Include the following information:
- Project Title
- Team members
- Data Set. Briefly describe data set that you are going to use. You should have access to this data set, rather than promissing to collect data.
- Project Idea. Describe what you want to achieve. What Machine Learning tools are you going to use? How is the data set going to help you answer your question?
We do not expect the same amount of work from a team of 4 people and a group of 1 or 2.
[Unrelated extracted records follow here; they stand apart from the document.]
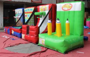イベント遊具, エア遊具新商品 エアー式カーニバルゲーム 2018年2月14日 kansaisa 空気で膨らませるカーニバルゲームが完成しました。 1台の送風機で4基を膨らませて使用できます。 (台数を減らすこともできます。) ゲームは鉛筆の輪投げ、バスケット、3目並べ、牛の角の輪投げ、になります。 ※レンタル会社をご紹介いたします。 スピードガン・エア遊具の関西エスアンドエー
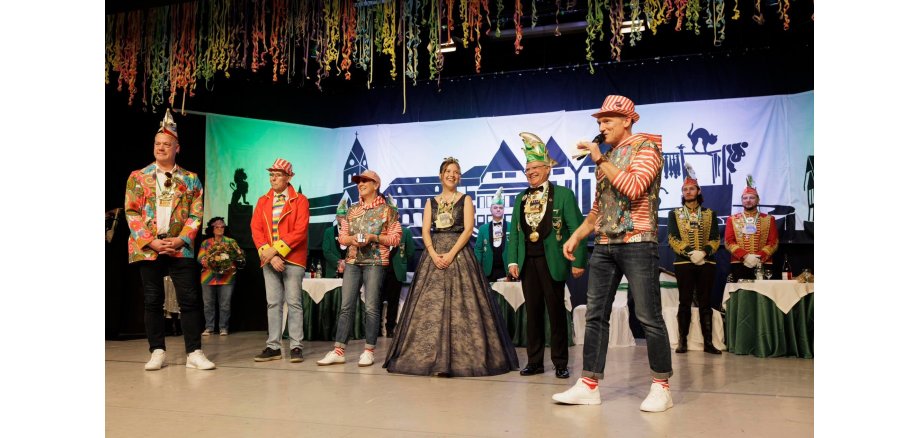 Durch die Sitzung leitete Jürgen Lesmeister vom KV Bruchkatze. Unzählige Akteure, Garden und Büttenredner sorgen für eine ausgelassene Stimmung bei den 400 Gästen in der Halle.
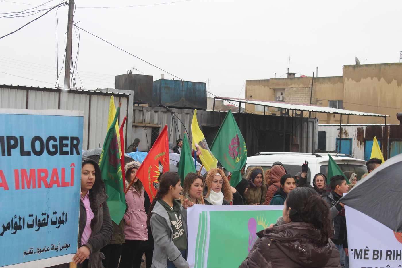 AMÛDÊ – Bi pêşengtiya Ciwanên Şoreşger û Yekîtiya Jinên Ciwan bi sedan şêniyên navçeya Amûdê bi meşekê tecrîda girankirî ya li ser Rêberê Gelan Abdullah Ocalan şermezar kirin û azadiya wî daxwaz kirin.
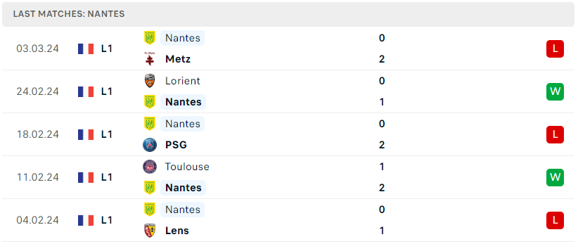Phong độ của Nantes
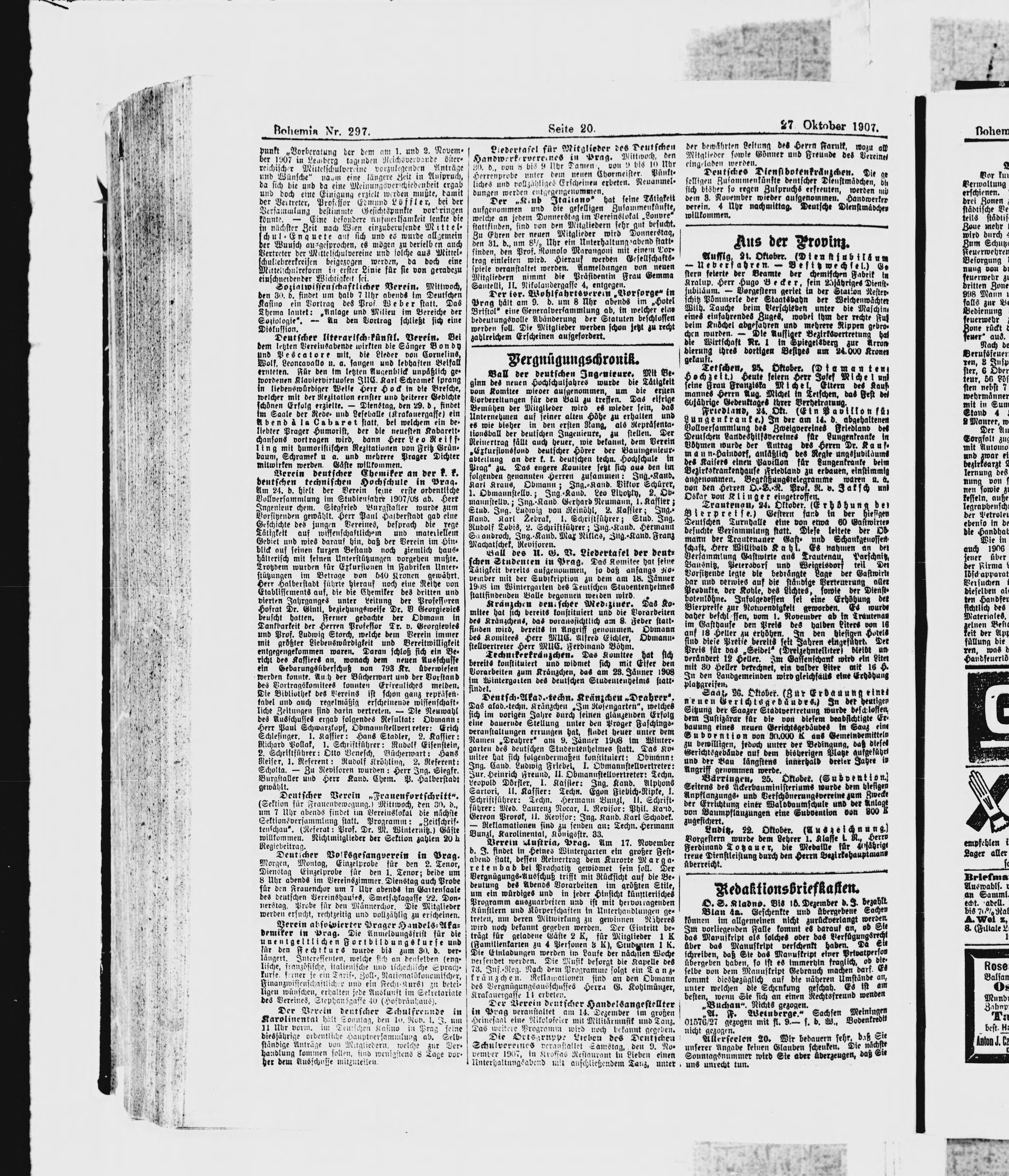 * Datum vydání výtisku: 27.10.1907 Číslo výtisku: 297 Poznámky k výtisku: ranní vydání

Think of the project proposal as an early draft of your final write-up. Ideally you will be able to start from your proposal and expand it to the final document.
Where to get data
Here are some ideas on where to get data. You are welcome to use data from any other source as well.
-
City of Chicago data https://data.cityofchicago.org/
-
Airlines data set http://www.stat.purdue.edu/~sguha/rhipe/doc/html/airline.html
-
Kaggle Competitions http://www.kaggle.com/
-
UCI Machine Learning Library http://archive.ics.uci.edu/ml/datasets.html
-
Stanford Large Network Dataset Collection http://snap.stanford.edu/data/index.html
-
Million Songs Database http://labrosa.ee.columbia.edu/millionsong/pages/getting-dataset
-
PGA Tour (contributed by Tyler Burkett) http://www.pgatour.com/stats/shotlinkintelligence.html
-
Big list of publically available data sets http://blog.bigml.com/list-of-public-data-sources-fit-for-machine-learning/
-
Quora answer on "Where can I find large datasets open to the public?" https://www.quora.com/Where-can-I-find-large-datasets-open-to-the-public
Project Write-Up
Create a professional-grade report on your project. Imagine a very statistically savvy client who would read your report. The report should not be longer than 10 pages, including figures and your analysis. You do not need to include your R code with the submission. However, in case you decide to include it, please do so in the appendix.
Your report should summarize what was the goal of the project, what data you used, what did you do to your data and why. Tell us what did you learn from the project. Did you manage to solve a particular business problem using machine learning tools? If your method did not do as well as you were expecting, could you elaborate as to why? What conclusions can you draw from the project?